Published August 5, 2018
The wreckage of a Junkers JU52 aircraft in Flims, after it crashed into Piz Segnas, a 3,000-metre (10,000-foot) peak in eastern Switzerland on August 4. —AFP
The wreckage of a Junkers JU52 aircraft in Flims, after it crashed into Piz Segnas, a 3,000-metre (10,000-foot) peak in eastern Switzerland on August 4. —AFP

Twenty people died after a vintage World War II aircraft crashed into a Swiss mountainside at the weekend, police said on Sunday.

“The police have the sad certainty that the 20 people aboard perished,” police spokeswoman Anita Senti told a news conference.

There were 11 men and nine women aboard, including an Austrian couple and their son, she said.

The German-built Junker JU52 HB-HOT aircraft, dating from 1939 and nickamed “Iron Annie”, was a collectors' aircraft.

It crashed into Piz Segnas, a 3,000-metre (10,000-foot) peak in the east of the country on Saturday at an altitude of 2,540 metres on the mountain's western flank, Senti said.

According to German-language newspaper Blick, the flight had taken off from Ticino in the south of the country and had been due to land at the Duebendorf military airfield near Zurich on Saturday afternoon.

Swiss reports said the passengers were returning from Locarno, a holiday spot in southern Switzerland on Lake Maggiore, where they had arrived early Friday.

The 20 Minutes newspaper quoted a witness who was on the mountainside at the time of the crash.

“The plane turned 180 degrees to the south and fell to the ground like a stone,” the witness said, adding that the debris was scattered over “a very small area” — indicating that an explosion was unlikely to have been the cause of the crash.

Andreas Tobler, Grisons canton chief of police said there was “no longer any hope of finding anyone alive.”

An investigation has been launched into the cause of the accident.

As this kind of collectors' aircraft is not equipped with “black box” flight data and voice recorders, investigators must rely on eyewitness accounts and analysis of debris.

Daniel Knech of the Swiss safety investigation service SESE said the crew did not have time to send out a distress signal.
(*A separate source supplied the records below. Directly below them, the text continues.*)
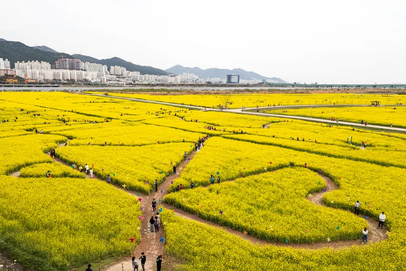 În decorul pașnic al Râului Nakdong, parcul se îmbracă într-un veșmânt de flori de rapita, creând peisaje spectaculoase. Aventura continuă pe Insula Jeju, unde câmpurile de rapiță își etalează splendoarea aurie de la începutul lunii martie până în aprilie, oferind un spectacol natural inedit.
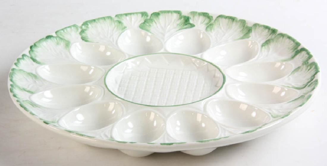 Pottery and porcelain pieces to include: Henriot Quimper covered pot; Italian oyster plate; studio pottery tray signed 'L.L. Mehlin'; baking dish signed 'Portugal; six (6) French white porcelain onion soup bowls with lion head handles and eight (8) Portuguese melon bowls, largest piece measures 9" H x 8" diameter. Provenance: Broomfield, Colorado estate.
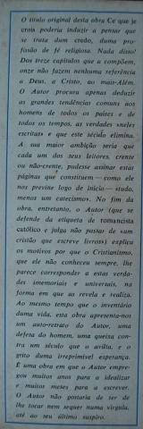 A sua ambição seria que cada um dos seus leitores, crente ou não-crente, pudesse assinar estas páginas que constituem - como ele nos previne logo no início - «tudo, menos um catecismo. No fim da obra, entretanto o Autor (que se defende da etiqueta de romancista católico e julga não passar de «um cristão que escreve livros) explica os motivos por que o Cristianismo, que ele conheceu sempre, lhe parece corresponder a estas verdades imemoriais e universais, na forma em que as revela e realiza.
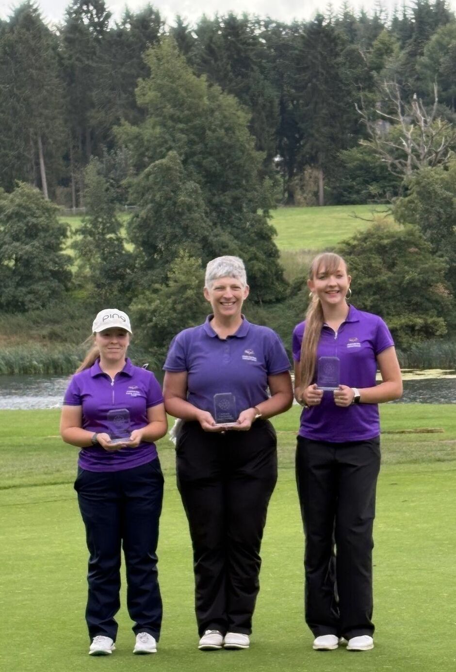 Overstone Park Jen Kyle, Clair Hunter and Freya Pickford members of the winning team for the women's low handicap singles league.
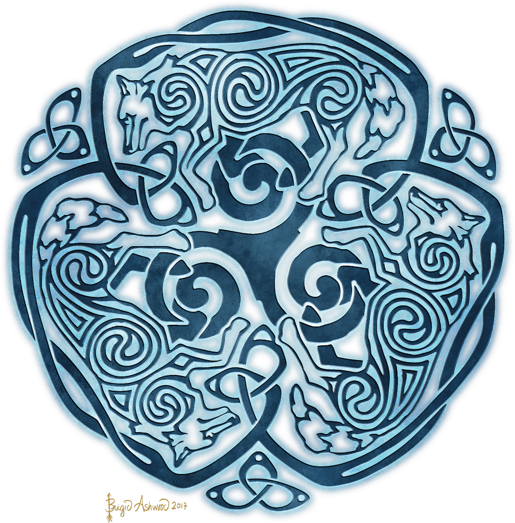 composed of interlocking spirals and woven lines. three stylized wolves are
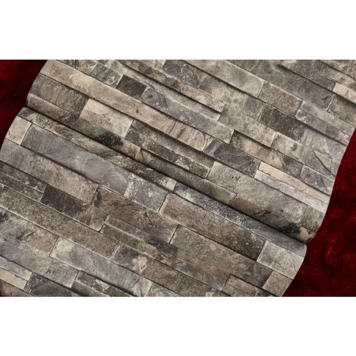 Papel de Parede Vinílico Lavável Textura Pedra Escura Filete

He said hot weather conditions did not contribute to the crash.

The aircraft belongs to JU-Air, a company with links to the Swiss air force, the ATS news agency reported.
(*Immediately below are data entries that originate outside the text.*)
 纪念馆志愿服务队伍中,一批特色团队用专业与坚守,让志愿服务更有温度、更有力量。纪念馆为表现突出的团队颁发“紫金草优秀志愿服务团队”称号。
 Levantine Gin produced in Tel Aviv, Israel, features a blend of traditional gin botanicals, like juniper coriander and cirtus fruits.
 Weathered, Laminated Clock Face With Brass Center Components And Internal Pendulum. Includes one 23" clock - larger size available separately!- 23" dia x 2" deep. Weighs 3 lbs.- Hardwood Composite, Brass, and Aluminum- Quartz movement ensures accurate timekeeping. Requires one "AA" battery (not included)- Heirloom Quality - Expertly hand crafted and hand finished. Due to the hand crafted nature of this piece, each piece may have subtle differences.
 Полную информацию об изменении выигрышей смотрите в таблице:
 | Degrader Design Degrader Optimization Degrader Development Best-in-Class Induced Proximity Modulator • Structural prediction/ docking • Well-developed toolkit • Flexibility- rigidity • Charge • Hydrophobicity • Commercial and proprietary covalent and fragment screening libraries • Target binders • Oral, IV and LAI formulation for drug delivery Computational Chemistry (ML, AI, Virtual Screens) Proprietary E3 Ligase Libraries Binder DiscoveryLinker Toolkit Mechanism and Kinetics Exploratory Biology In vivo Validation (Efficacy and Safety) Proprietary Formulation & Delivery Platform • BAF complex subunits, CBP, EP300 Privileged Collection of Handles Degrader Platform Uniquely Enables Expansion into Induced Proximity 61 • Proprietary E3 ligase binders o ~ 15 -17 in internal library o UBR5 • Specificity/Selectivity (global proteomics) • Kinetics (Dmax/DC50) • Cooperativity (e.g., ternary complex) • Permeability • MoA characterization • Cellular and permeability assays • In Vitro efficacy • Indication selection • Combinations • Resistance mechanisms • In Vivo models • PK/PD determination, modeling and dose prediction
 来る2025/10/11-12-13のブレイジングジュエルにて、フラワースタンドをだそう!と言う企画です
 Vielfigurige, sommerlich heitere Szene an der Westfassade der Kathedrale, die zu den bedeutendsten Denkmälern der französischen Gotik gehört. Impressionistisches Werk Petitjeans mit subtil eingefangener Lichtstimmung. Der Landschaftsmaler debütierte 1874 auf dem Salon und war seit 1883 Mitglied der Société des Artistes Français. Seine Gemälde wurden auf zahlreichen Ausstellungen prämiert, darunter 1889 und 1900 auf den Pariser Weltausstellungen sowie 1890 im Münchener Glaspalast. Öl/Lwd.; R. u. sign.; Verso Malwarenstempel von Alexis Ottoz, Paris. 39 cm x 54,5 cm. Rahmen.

JU-Air CEO Kurt Waldmeier told reporters that the plane had undergone maintenance inspection in July.

'Deeply saddened'

JU-Air said on its website that it was “deeply saddened” and its “thoughts were with the passengers, the crew and families and friends of the victims”.

The company's flight operations were suspended, it said.

JU-Air says it runs a small fleet of four Junker planes, all built in 1939, which are for hire. Its pilots are ex-military and professional pilots, all of them volunteers.

This file photograph taken on January 1, 1946,  shows the first plane to land at the old Beirut airport, a Junkers 52 operated by Compagnie Generale des Transports, which eventually changed its name to Air Liban. —AFP
This file photograph taken on January 1, 1946, shows the first plane to land at the old Beirut airport, a Junkers 52 operated by Compagnie Generale des Transports, which eventually changed its name to Air Liban. —AFP

The Junker JU52 is made of corrugated steel and was built by the German firm Junkers from the 1930s to 1950s. It was used as a military transport plane as well as a bomber during World War II.

On its website, JU-Air mentions one past accident, in 1987, at the Koblenz airport in Germany in which no one was hurt.

In another Swiss plane crash on Saturday, a tourist plane carrying a couple and two young children crashed in a forest in the Nidwald canton and immediately burst into flames. No survivors have been found.